The offline tier is a separate .NET 10 CLI: System.Text.Json source generation, an AVX2 baseline with optional wider SIMD paths and a scalar fallback for correctness, and Native AOT as a first-class target. It is where the high-fidelity, reproducible analysis runs, cleanly separated from the real-time runtime that feeds it snapshots.
Determinism and replay
A real-time system you cannot reproduce is a system you cannot debug. Hyperplex.TDA is
built around a replay contract: a seeded simulation, stable scheduling, and versioned
snapshots (*.hpx.json) that capture everything an analysis depends on — seed,
tick index, timestep mode, budgets and caps, coordinate policy, and an integrity hash over
a canonicalized form of the data.
Determinism is defined in honest levels rather than promised absolutely. The offline CLI is the strict tier: the same snapshot, CLI version, and flags produce bit-identical canonical output, with float-derived metrics bounded by documented tolerances. The Unity runtime targets stable behaviour for a given seed but accepts float drift across hardware, because cross-platform bitwise float determinism is named as a non-goal instead of being quietly assumed. Each metric carries its own tolerance: component counts are exact; the spectral value is held to roughly ±1e-4; the cycle proxy to ±1, because it is budgeted and order-sensitive.
Quality assurance
The project is built for defensible claims rather than demo vibes, which means the test system is part of the design, not an afterthought. It rests on golden datasets — known graphs and synthetic topologies (a circle, two merging circles, a 3D torus, a swarm-split event) with expected component counts, spectral values, and cycle ranges recorded as machine-readable vectors.
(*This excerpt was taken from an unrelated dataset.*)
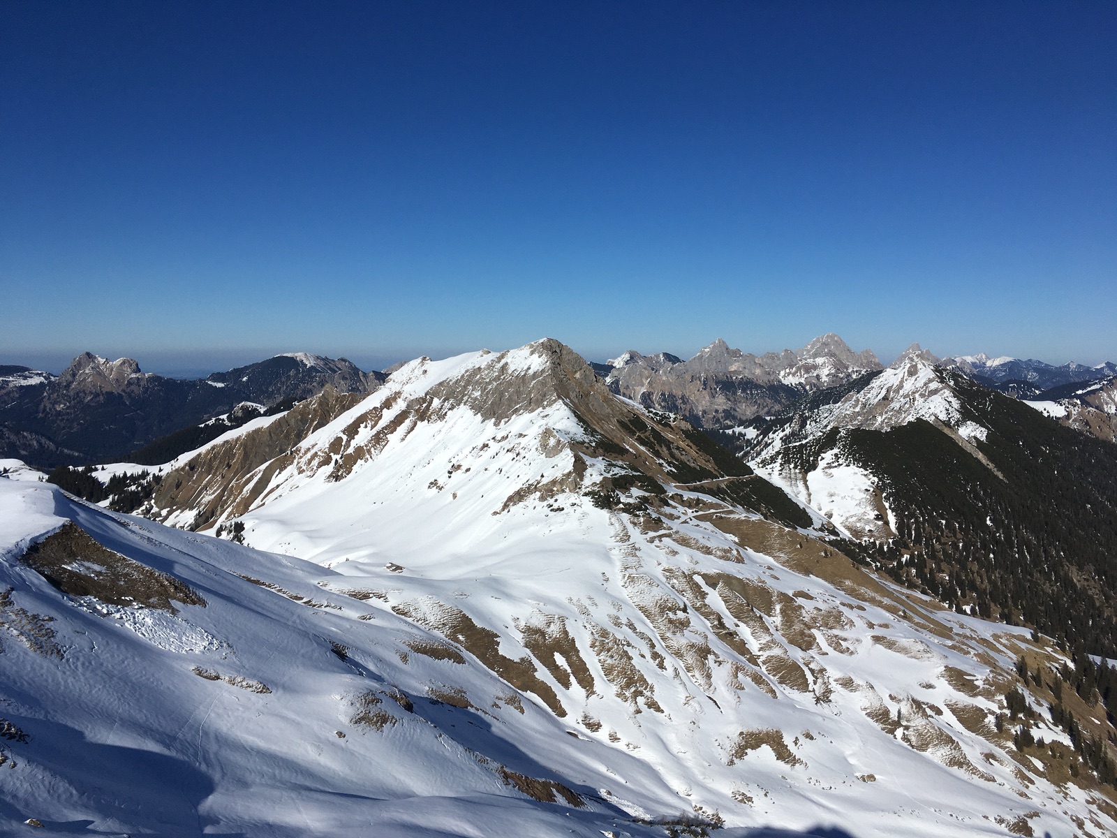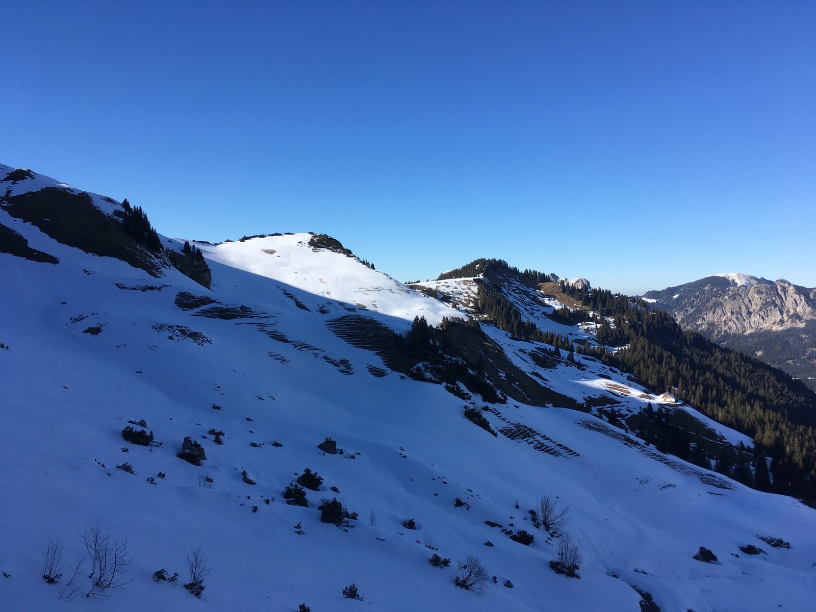Blick zurück auf den Anstieg zum und die Abfahrt vom Geierköpfle:

Three gates run in CI. Deterministic regression: a snapshot's canonical hash and the CLI's metrics must match the recorded expectations, exactly for integers and within tolerance for floats. Performance regression: real-time kernels must stay under their budget caps on a defined baseline, or emit the expected skip counters under deliberate overload. Cross-platform validation: the same metrics must land inside their tolerance envelope on Windows and Linux. Updating a golden is allowed but deliberately rare, and requires a justified pull request that bumps the schema and the changelog together.
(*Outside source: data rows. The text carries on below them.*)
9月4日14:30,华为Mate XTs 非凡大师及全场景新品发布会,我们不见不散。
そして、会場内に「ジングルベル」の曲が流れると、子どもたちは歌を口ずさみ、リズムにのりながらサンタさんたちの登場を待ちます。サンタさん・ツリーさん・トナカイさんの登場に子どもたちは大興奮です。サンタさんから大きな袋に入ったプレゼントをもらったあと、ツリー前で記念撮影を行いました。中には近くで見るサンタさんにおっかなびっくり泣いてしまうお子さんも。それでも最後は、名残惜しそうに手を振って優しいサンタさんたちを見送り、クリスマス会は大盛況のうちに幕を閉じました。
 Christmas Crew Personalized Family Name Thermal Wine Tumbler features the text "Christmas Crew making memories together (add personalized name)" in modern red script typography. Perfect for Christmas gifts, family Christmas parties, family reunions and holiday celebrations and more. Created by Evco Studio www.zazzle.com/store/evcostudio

What it is, and what is still being measured
Hyperplex.TDA is advanced work in progress, not a released product. There is no public package, source repository, license promise, API guarantee, dataset, or downloadable demo. The architecture, the budget contracts, the determinism policy, and the test methodology described here are the public part of the work. The private part remains the implementation, the validation data, and the measured evidence.
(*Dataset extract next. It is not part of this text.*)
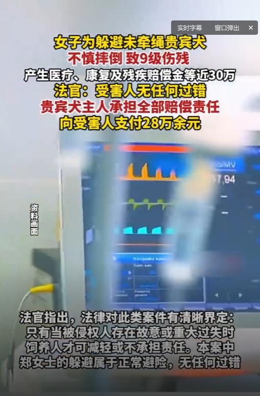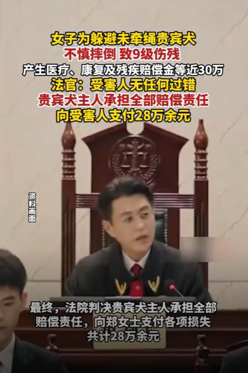“大快人心!”近日,江苏常州,一女子在早上晨练后准备回家,谁知在路上突然窜出一条没牵绳的贵宾犬,女子吓得赶紧躲避,不曾想却摔倒在地,导致九级伤残!女子气的将贵宾犬主人告上法庭,法官直接判决狗主人赔偿28万!   清晨的阳光刚洒向江苏常州的街头,市民郑女士结束晨练准备回家,一场突如其来的意外打破了这份宁静。   在一片草坪旁,一条未系牵引绳的贵宾犬突然窜出,为了躲避这只猛然出现的宠物,郑女士下意识向旁边避让,却不慎摔倒在地。   这一摔,让她遭遇了二椎体压缩性骨折,经专业机构鉴定构成九级伤残,后续的治疗、康复以及残疾赔偿金等各项费用累计接近30万元。   事故发生后,郑女士与犬只主人顾女士就赔偿事宜展开沟通,然而双方在金额上始终无法达成一致,多次协商均以失败告终。   在私下调解无望的情况下,郑女士选择通过法律途径维护自身权益,将顾女士告上法庭。   这起看似普通的饲养动物损害责任纠纷,最终由江苏常州市中级人民法院公开宣判,判决顾女士承担全部赔偿责任,向郑女士支付各项损失共计28万余元。   这一判决不仅回应了当事人的诉求,更向社会传递出明确的信号:养犬绝非随心所欲的私事,而是必须恪守法律边界的责任。   近年来,各地频繁发生未牵绳犬只致人伤害的事件:大型犬失控冲撞路人造成十级伤残,小型犬追逐行人引发电动车侧翻事故,这些案例背后都隐藏着同样的根源——养犬人对安全管理义务的漠视。   不少犬主抱有“我的狗不咬人”的侥幸心理,却忽略了动物行为的不可预测性,即便没有发生直接的撕咬行为,犬只的突然窜动、追逐也足以引发他人恐慌,进而导致意外发生。   更有甚者,部分养犬人完全忽视邻里权益,任由宠物频繁吠叫干扰他人休息,遛狗时随意丢弃粪便污染环境,这些不文明行为早已成为影响社区和谐的顽疾。   我国法律对饲养动物致人损害的案件有着清晰的界定。   《中华人民共和国民法典》明确规定,饲养动物造成他人损害的,饲养人或者管理人应当承担侵权责任,除非能够证明损害是因被侵权人故意或者重大过失造成的。   在这起案件中,郑女士的避让行为属于面对突发危险时的本能反应,主观上不存在任何过错,自然无需承担责任。   而顾女士未按规定为犬只拴系牵引绳,违反了最基本的安全管理义务,是导致事故发生的唯一且根本原因,理应对郑女士的全部损失承担赔偿责任。   此外,新修订的《治安管理处罚法》也已明确对遛狗不牵绳的行为制定了相应的处罚措施,从立法层面进一步压实了养犬人的责任。   不得不说,28万元的赔偿判决给所有养犬人敲响了警钟。   这一数字背后,是受害者身体的伤痛、经济的损失,也是对养犬人漠视规则的严厉惩戒。   文明养犬从来都不只是道德层面的倡导,更是不容推卸的法定义务。   一根牵引绳看似细小,却承载着对他人安全的保障,也守护着养犬人的自身权益。   现实中,正是因为部分养犬人忽视了这一简单的举动,才让原本可以避免的意外频繁发生,既给他人带来了无法挽回的伤害,也让自己陷入了法律纠纷和经济赔偿的困境。   养犬自由的边界,永远是他人的安全权益。   在城市公共空间中,每个公民都享有平等的安全保障权,这种权利不应因少数人的疏忽而受到损害。   作为养犬人,主动为宠物牵绳、佩戴嘴套,及时清理粪便,不仅是遵守法律规定的表现,更是尊重他人、承担社会责任的体现。   唯有每一位养犬人都树立起牢固的责任意识,恪守法律底线,才能从根本上杜绝类似悲剧的发生,让人与宠物在城市中和谐共处,共同维护安全有序的公共环境。   毕竟,当我们享受养宠带来的乐趣时,绝不能以牺牲他人的安全为代价。   今天的分享到这里就结束了,大家对此事有何看法,欢迎在评论区留言和讨论,感兴趣的可以点击头像加关注,我将每日更新优质内容,我们下期见。

So the claim on this page is architectural, not numerical. The frame budget is the target the system is built to hold and the gates are written to enforce; the measured traces that prove it will be published only if and when there is a public release path that can carry them responsibly. Invented benchmark numbers would be easy and worthless. The interesting result is whether the discipline holds at scale, and that is the work.